25.27 Progressive project — the "Stop and Escalate" decision card. On a single index card (or its digital equivalent), list the three-to-five triggers that will make you pause and call MHA's counsel in this matter — at minimum: (1) surfacing Okafor's personal webmail or attorney communications; (2) finding evidence of a different crime, and immediately if apparent CSAM appears; (3) any request to exceed scope, delete, or alter; (4) any indication the data or accounts reach outside the U.S. For each trigger, write the action in three words or fewer (e.g., "stop · preserve · call"). Keep the card where you work the case.

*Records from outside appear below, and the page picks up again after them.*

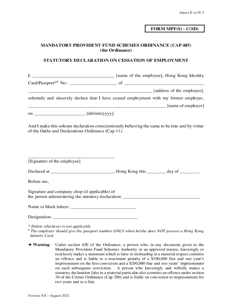 Annex E to IV.3FORM MPH(S) C(SD)MANDATORY PROVIDENT FUND SCHEMES ORDINANCE (CAP 485) (the Ordinance) STATUTORY DECLARATION ON CESSATION OF EMPLOYMENT, ___ [name of the employee], Hong Kong Identity
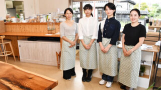 記事 2025.10.03pickup02 カフェ「米茶処 まなゆゐ」あやべ特産館内に開店綾部の米と茶のおいしさ発信健康志向のスイーツなど提供八津合町の「iicome」が出店店内に立つ宮園代表(左端)とスタッフ=青野町で※詳細は紙面で。 2025.10.03 記事
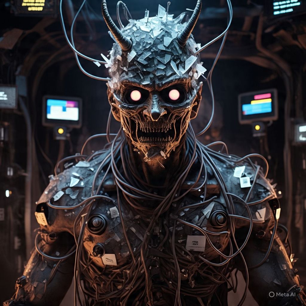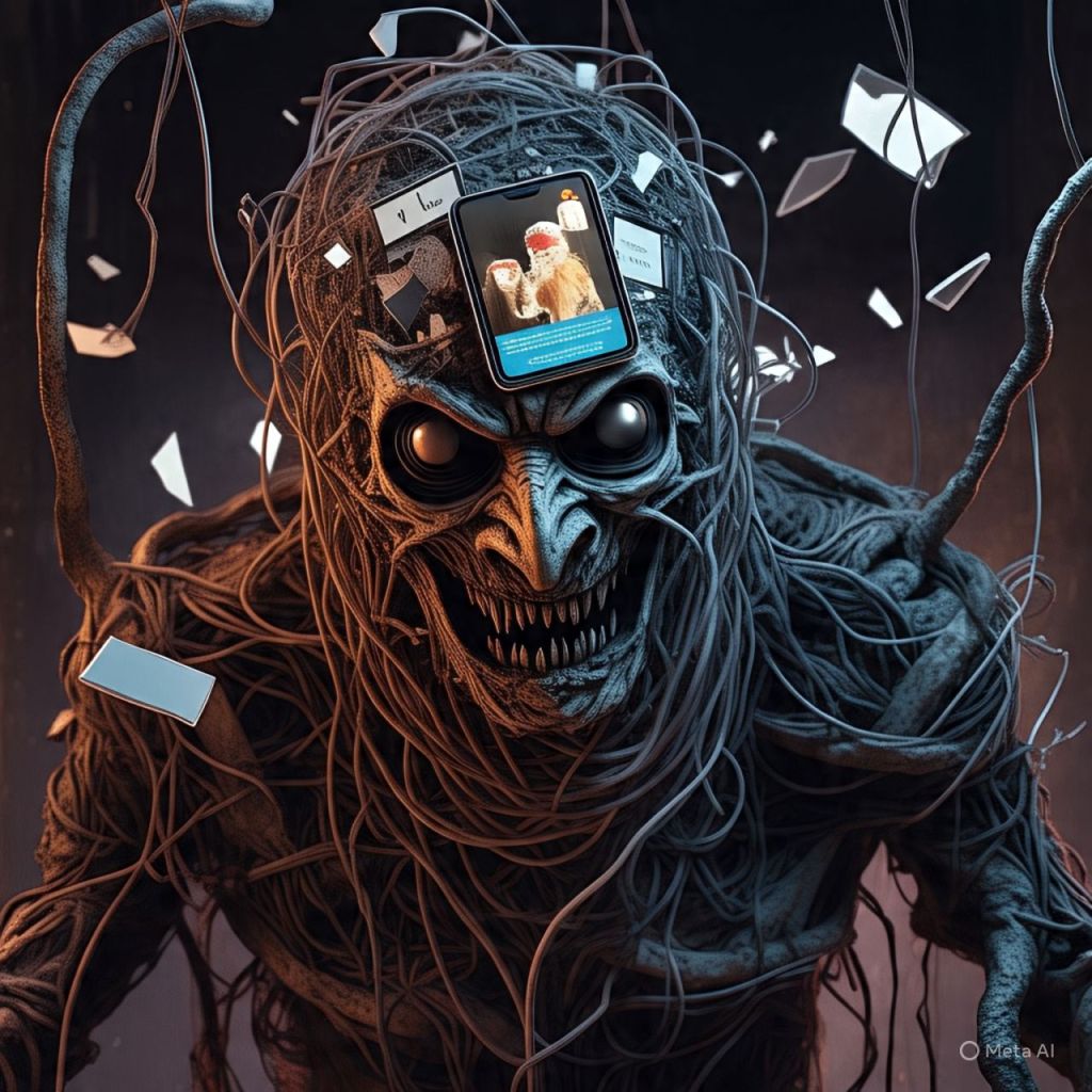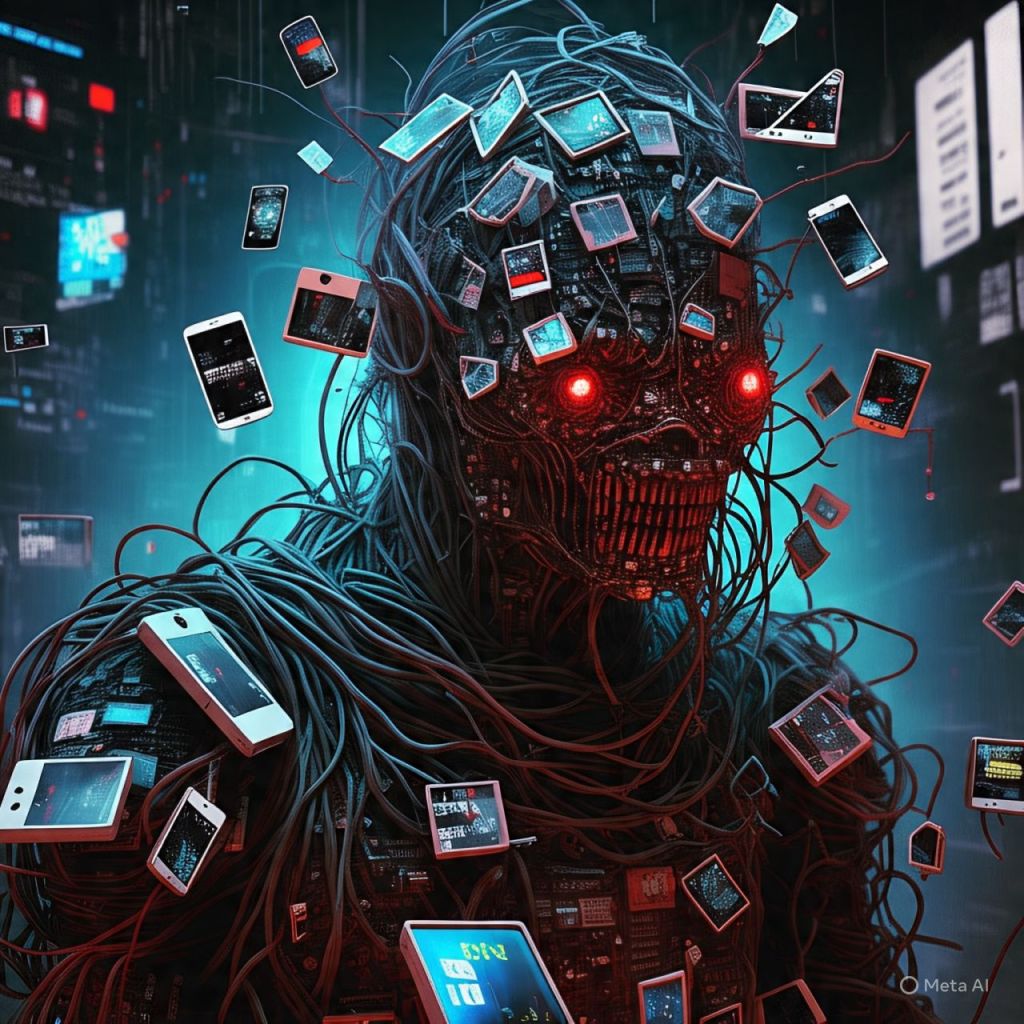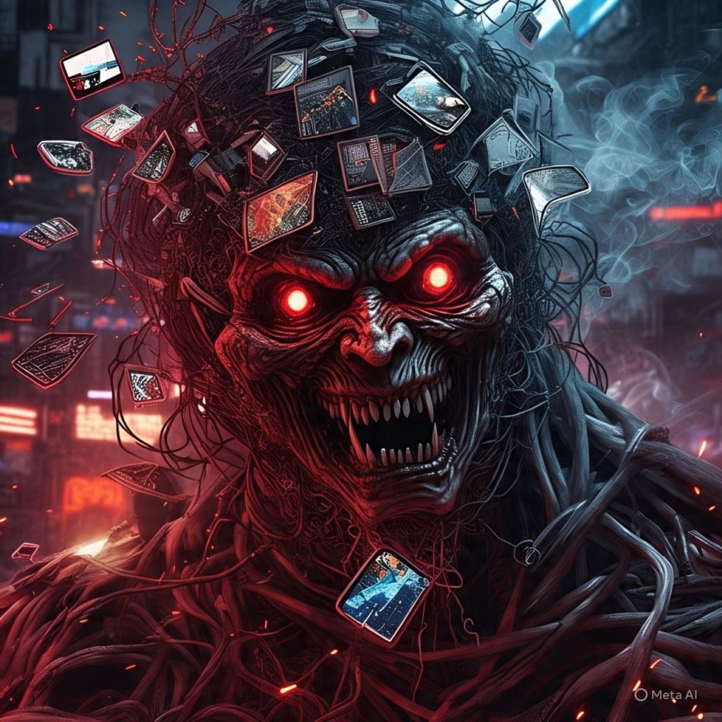 From the center rises a demonic entity made from corrupted data — wrapped in livestream wires, wearing a mask made of broken phone screens.
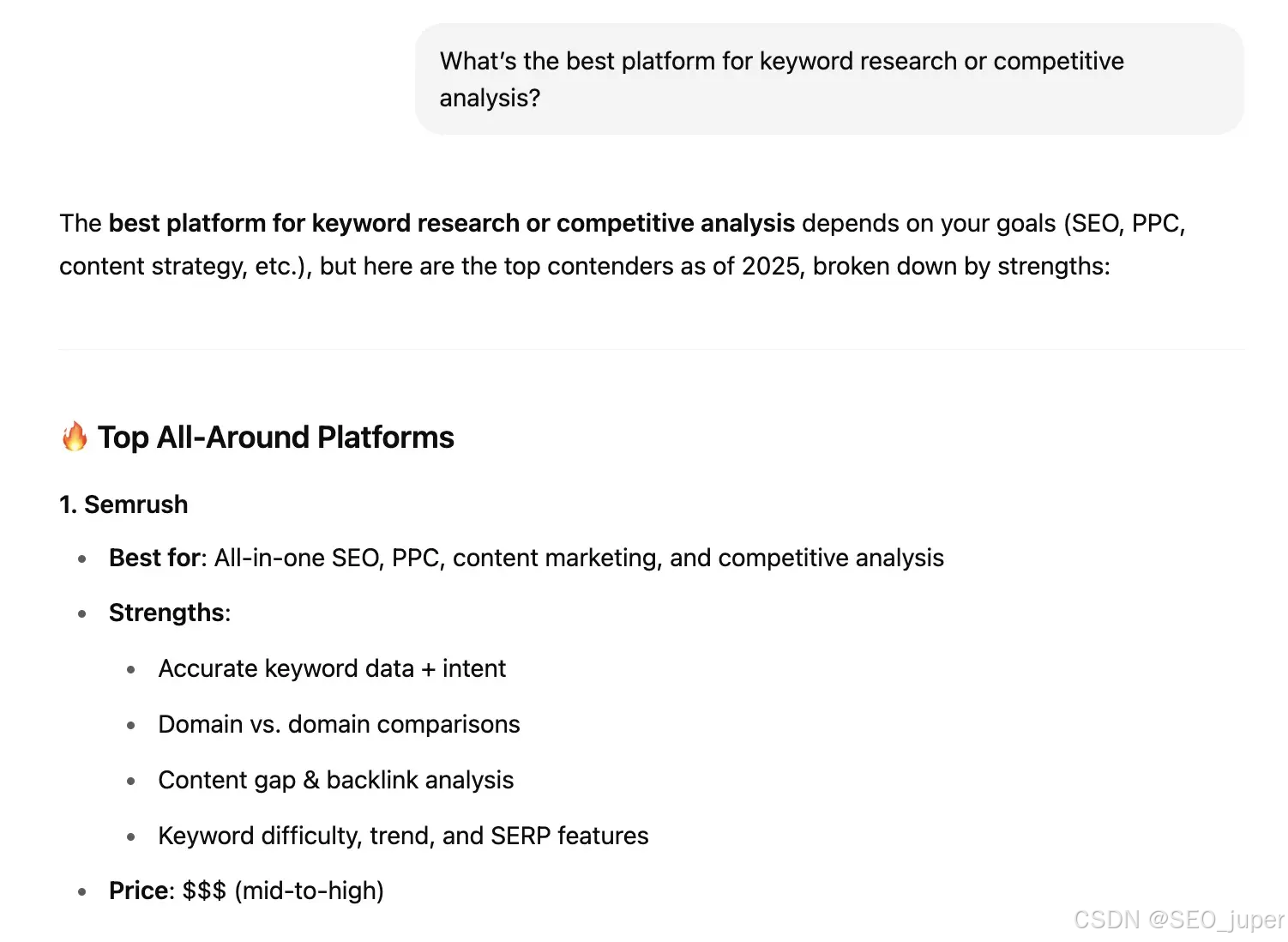 例如,当我询问最佳关键词研究或竞争分析平台时,ChatGPT将Semrush列为首选推荐。这意味着它能引导我们的目标受众直接访问网站注册服务。

Self-check. You have mastered this chapter when you can, without notes: state who the Fourth Amendment binds and the exact moment a private recovery becomes a government search; read an Attachment B and mark any file in or out of scope; run the second-warrant discipline on reflex when something out-of-scope appears; draft a consent form, a login banner, and a litigation hold that would survive a hostile reading; classify an ESI loss under 37(e)(1) versus (e)(2) and explain how forensic traces prove intent; recognize the border, Fifth Amendment, and international questions as counsel's, not the keyboard's; and — above all — name, every time, the moment to stop and call a lawyer and prove with a scope log that you stayed inside your authority. If you can establish your authority, define your scope, and stop the instant either is unclear, you are ready for Chapter 26 — The Forensic Report, where everything you lawfully acquired becomes the document a court actually reads.